On the other, as if to underline the variety of peoples who passed through Dunhuang in Tang times, there are depictions of Persian merchants, Uighur kings, Indian monks, Turkic warriors.

Until the People's Republic came to power in 1949, the preservation of Dunhuang's treasures was lackadaisical at best, and the caves had no doors. Still, the brilliance of blues and greens in the corners of the caves least exposed to sunlight is startling.

All the artists at Mogao are anonymous, from the early Wei craftsmen to the painters and sculptors of the heyday of Chinese art during Tang times. But the subtle gradations of color, the boldness of design, the deft sureness of line are breathtaking.

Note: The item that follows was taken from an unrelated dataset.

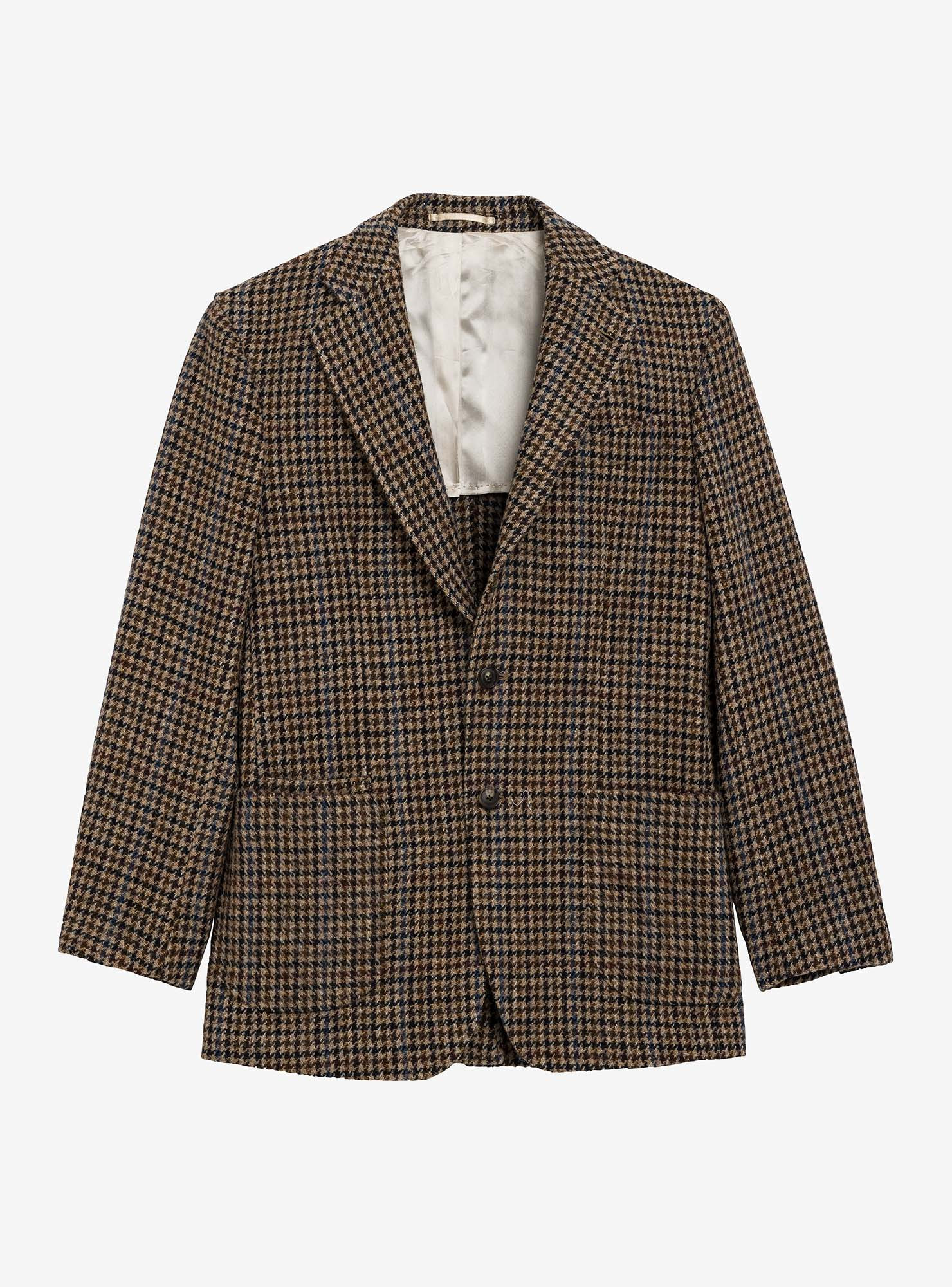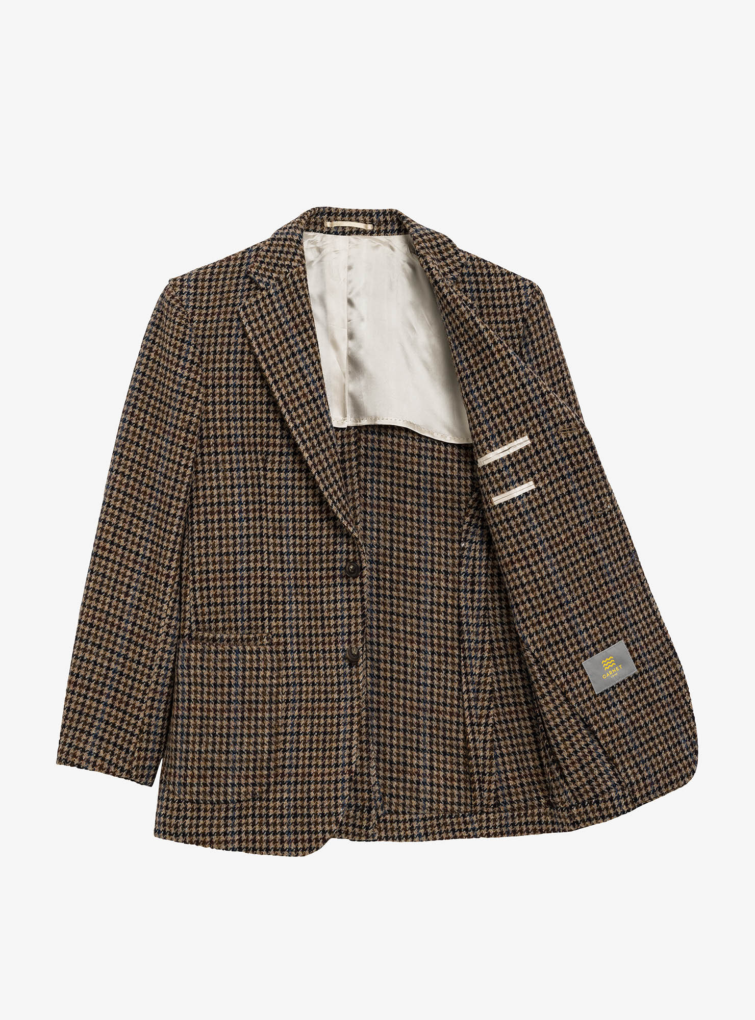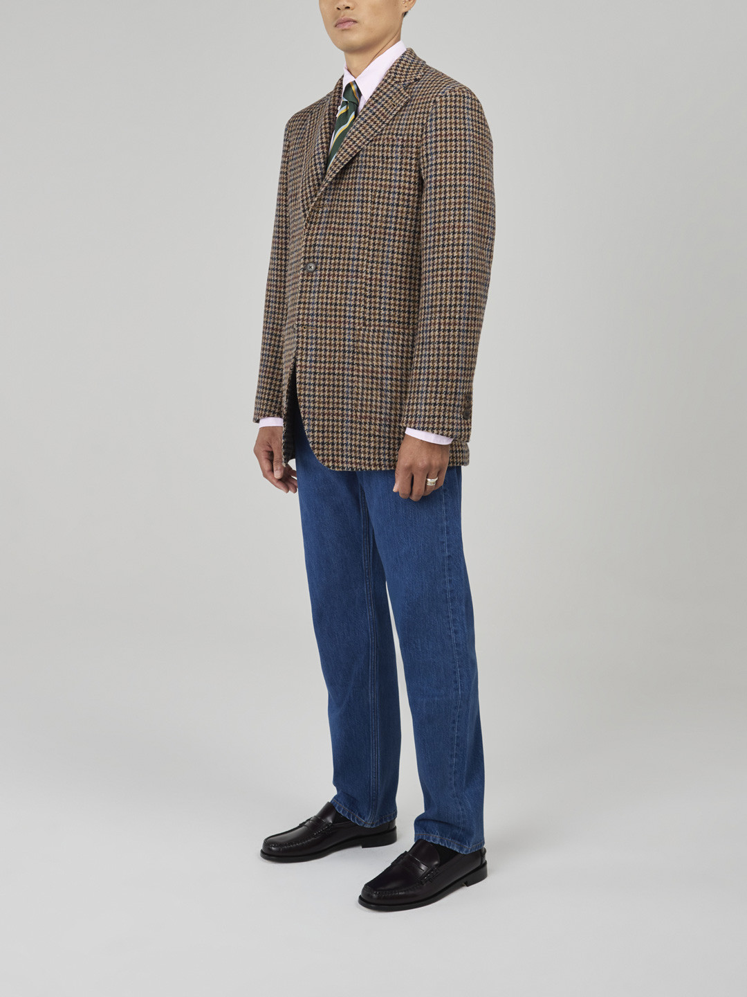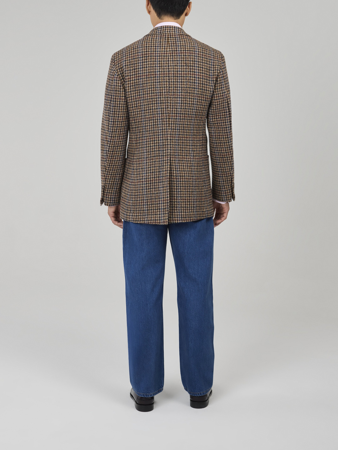 Single-Breasted 2.5-Button Beige Jacket in Gun Club Pattern Harris Tweed. Unstructured, unpadded shoulders, patch side pockets, single rear vent, fully lined interior.

Soon after Marco Polo's day, the Silk Road declined as the sea route to China was found to be safer and quicker. Polo himself returned to Venice by sea, after 17 years in Cathay.

And the great monastery at Mogao gradually decayed. Still, during the celebrations of Buddha's birthday each April, local people gathered at the caves to offer prayers and gifts.

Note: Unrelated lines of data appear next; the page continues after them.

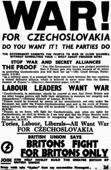 British Union of Fascists' advertisement in Action (1938), opposing Britain's entry into the Second World War.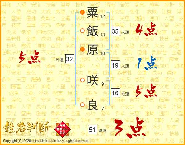 粟(12画)飯(13画)原(10画) 咲(9画)良(7画)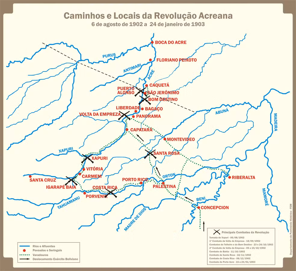 Em 6 de agosto de 1902, teve início a fase mais intensa da Revolução Acreana. Os conflitos vinham se arrastando desde o fim do século XIX, motivados principalmente pela disputa pelo látex, matéria-prima da borracha. Brasileiros — muitos deles nordestinos — que ocupavam a região desde a década de 1870 enfrentavam o governo boliviano, que detinha o controle legal sobre o território. A luta só terminou em 1903, com a incorporação definitiva do Acre ao Brasil.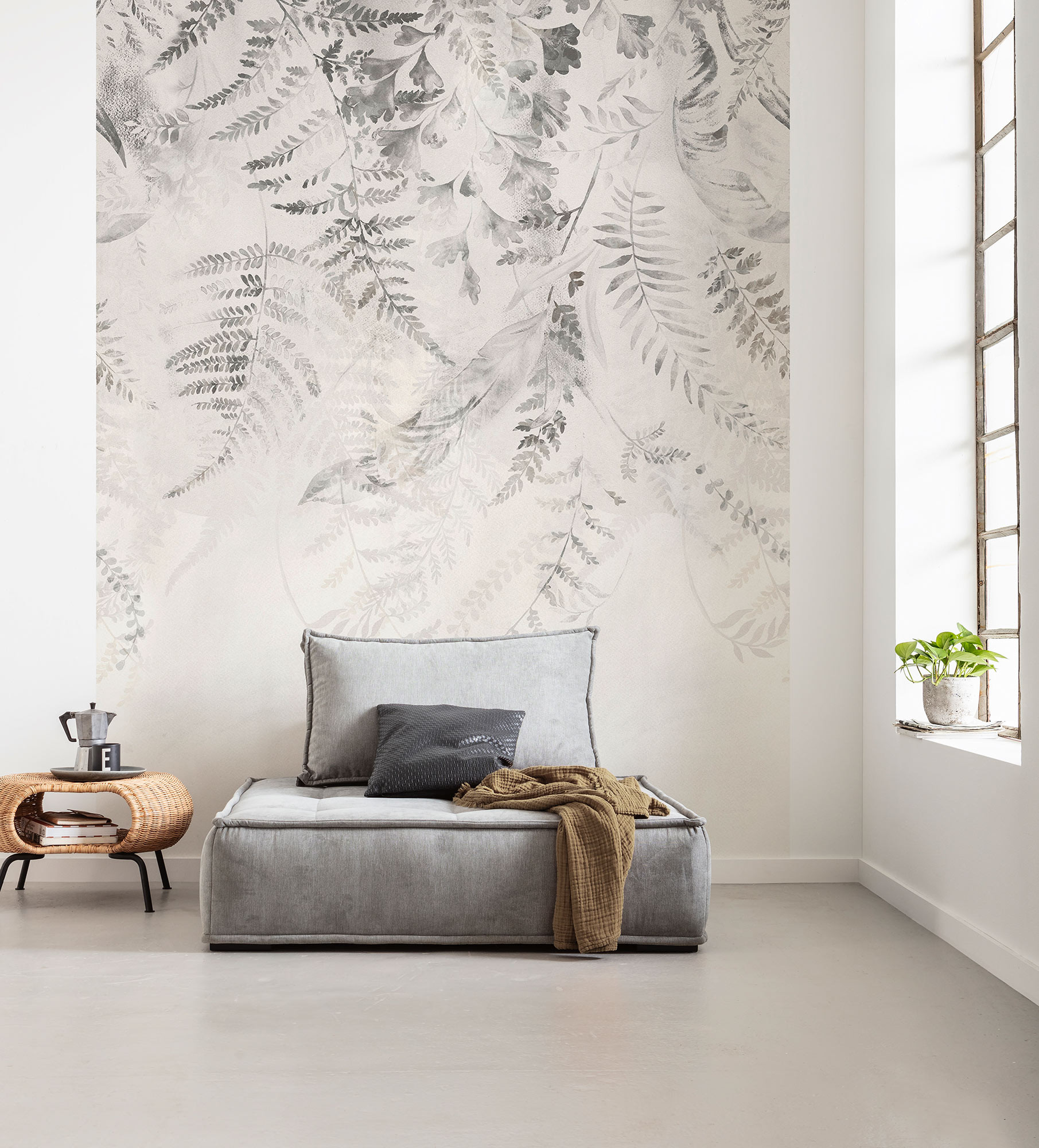Ein Traum in Beige: Zarte Pflanzen ranken sanft von der Decke herab und werden in ihrer Darstellung immer filigraner, je weiter sie nach unten reichen. Eine Tapete, so dezent, dass sie kaum wahrnehmbar ist, aber dennoch eine einzigartige Atmosphäre schafft, die zum Wohlfühlen einlädt.
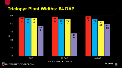 Triclopyr Plant Widths: 64 DAP<BR>P<.0001<BR>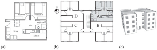 (a) Floor plan of the representative flat, (b) representative typical floor and (c) 3D image of the building. The capital letters represent the different orientations of the typical flat. Source: Triana et al. [6].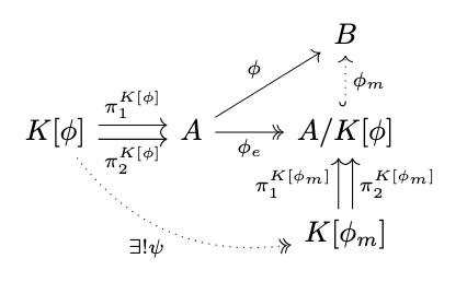 Theorem (Homomorphism Theorem). For any regular epimorphism \(\phi: \mathcal{A} \rightarrow \mathcal{B}\) of \(\Sigma\)-algebras with an underlying regular category \(\mathbb{C}\), \(\mathcal{B} \cong \mathcal{A}/K[\phi]\).
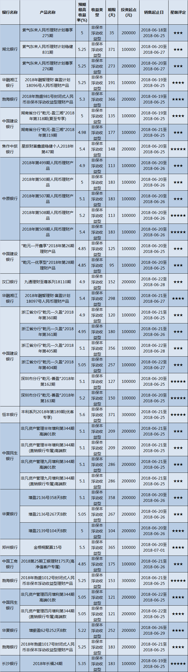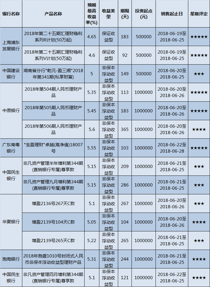 高门槛(50万元及以上)的理财产品中,华中地区有14款获得普益标准星级评定,平均预期收益率为5.16%。其中三星产品5款,平均预期收益率为5.12%;四星产品4款,平均预期收益率为5.26%;五星产品5款,平均预期收益率为5.12%。

The Chinese say Mogao is one of several historic sites plundered by Western treasure-seekers. Principal villains on the Chinese list are explorers celebrated by the West as scholars who unlocked the mysteries of the Silk Road - Sven Hedin of Sweden, Sir Aurel Stein of Hungary and Britain, Paul Pelliot of France, Langdon Warner of the United States.

Most of the Buddhist Sutras of Mogao are in the British Museum and other institutions, bought by these and other foreign visitors from the Chinese abbot and Guardian of Mogao early in the 20th century.

Langdon Warner even managed to cut out several pieces of frescoes that were then acquired by the Fogg Museum at Harvard University.

Mr. Warner and others say they were motivated by concern for the preservation of priceless treasures from the hazards of weather and the plunderings of waves of marauders during China's turbulent history.

But the Chinese of today mourn their lost treasures, and their attitude toward the Dunhuang manuscripts and other artifacts in Western museums is similar to that of the Greeks over the Elgin marbles.